The foundation wants to "reach beyond a culture of poverty to effect substantive change. Foundations can provide a valuable service by helping to serve as a ?research and development' function for the civic sector by testing new models, bringing in fresh outside ideas, exploring state-of-the-art programs and connecting the area to broader statewide and national networks," the report states.

"We get beaten up for funding studies," Cerino said, but he takes issue with that.

"What we fund are blueprints for change," not studies, he said. "Something has to have the prospect of leading to an action. If not, we would not do it."

That fits with Cerino's vision of the foundation providing venture capital for initiatives that could improve the community, such as the EDC.

"By providing venture capital for social change, Harvest will be more likely to help the region's institutions achieve informed, planned reforms. The more new things are known, the better will be the decisions that affect the public," he wrote in the annual report.

One of the foundation's most visible efforts in 2004 was its $50 million challenge grant to the state to open a college in Martinsville or Henry County within two years. Cerino said that effort now is being pursued by a planning committee.

"I remain optimistic," he added. "Harvest does not see a university in Martinsville as a panacea but rather as another element to assist the rebirth and redefinition of our area," he wrote in the annual report.
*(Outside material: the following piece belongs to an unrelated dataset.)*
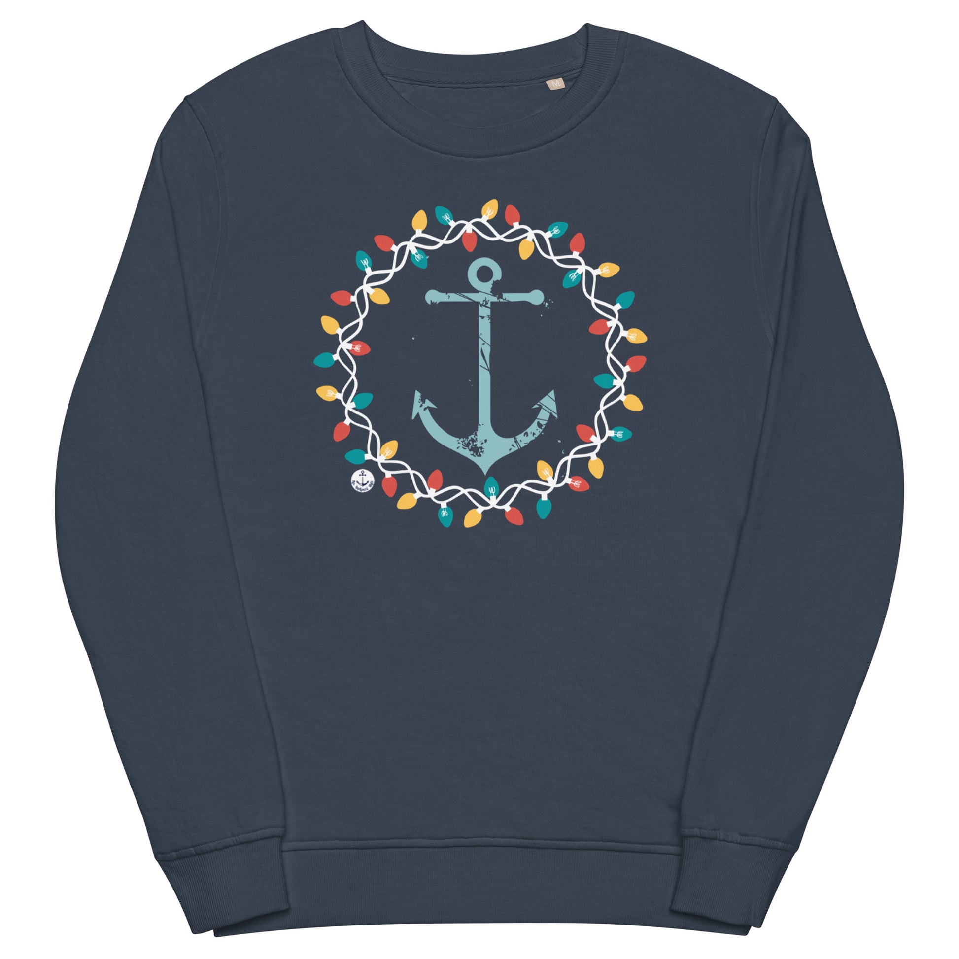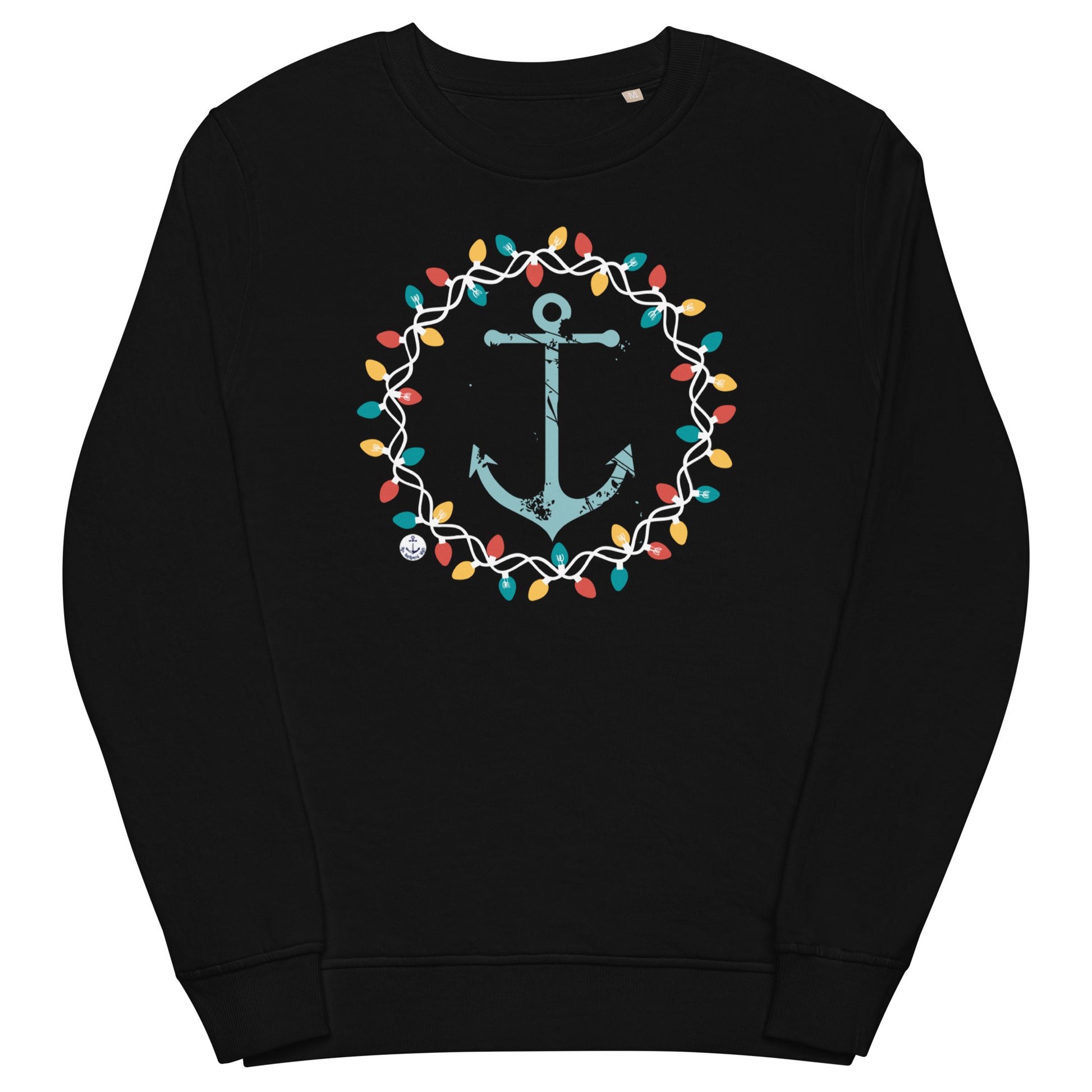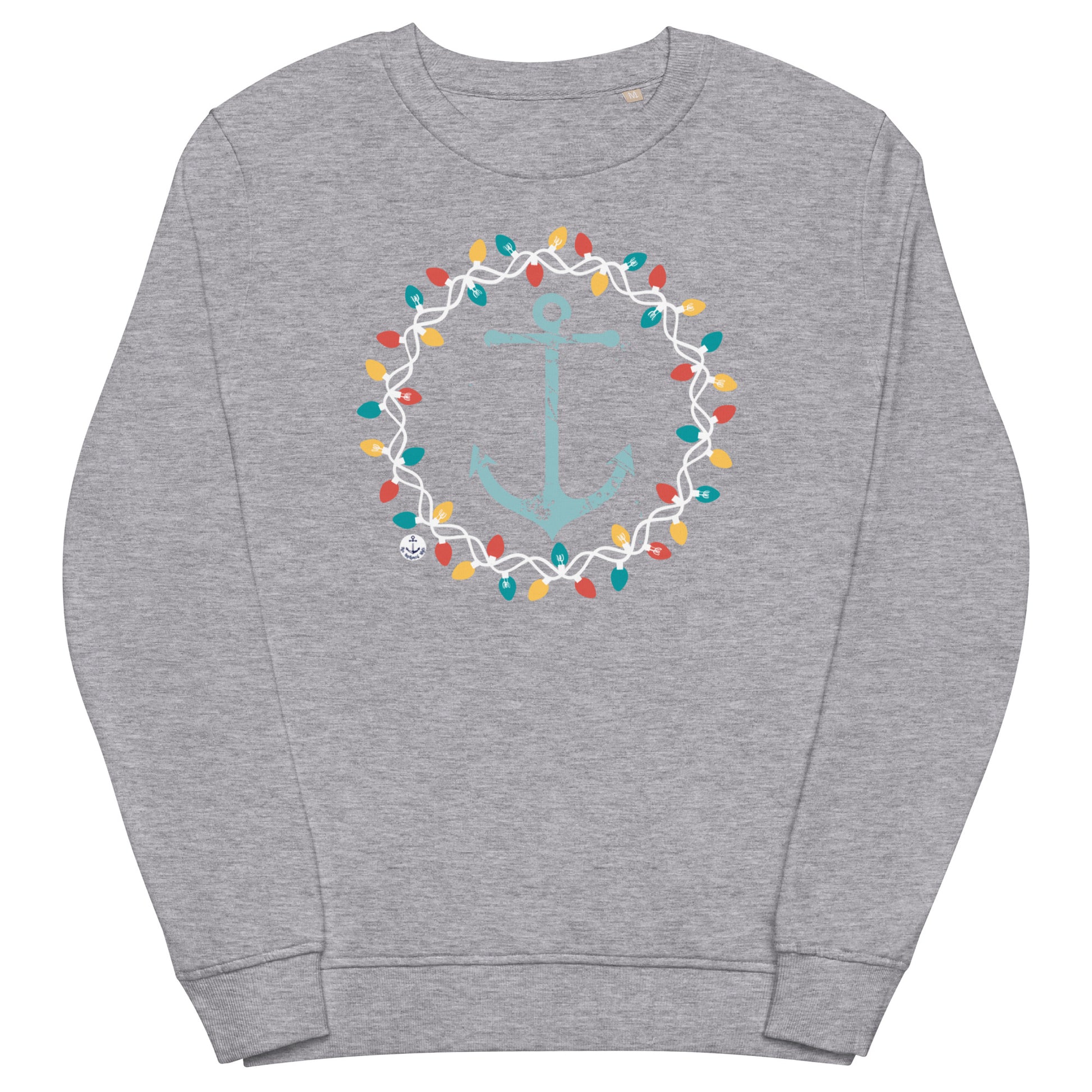 Make prepping for the holidays nautically festive with our Christmas Wreath Anchor lake sweatshirt. The design features a distressed anchor surrounded by a colorful wreath of Christmas lights on the front of the sweatshirt.

The Harvest Foundation wants to be a facilitator in that rebirth, Cerino said, adding that in the next year it likely will fund some recommendations and priorities that the community defined during the Market Street economic assessment and strategy. But the area's direction or vision for the future will be determined by the area's leadership and the "will of the folks," he said.

In the annual report, he noted that there are different opinions on the community's future -- should it embrace new technology or try to recreate a vanishing industrial base? Should it take a high-tech research path or build on unique local assets?

"It is premature to know where these divergent roads may lead. A community with limited resources cannot follow multiple roads simultaneously," he wrote.

" ... To a certain extent, we can create the future we want by the decision we make today. The path we decide to select over the next year or so and the decisions the community makes on the investment of its limited resources will be instrumental in determining the type of future we will have," he added.

Reflecting on the past year, Cerino said he "takes full responsibility" for the foundation's lack of public relations, saying he never had been in a position where that was needed before.

"Clearly it became a major gaff," he said. "In the future we will be making an effort to tell our story ... what people getting the money are doing with it."

Asked what he is most proud of in his work here, Cerino said it is the organization he has built. And "the grants speak for themselves," he added.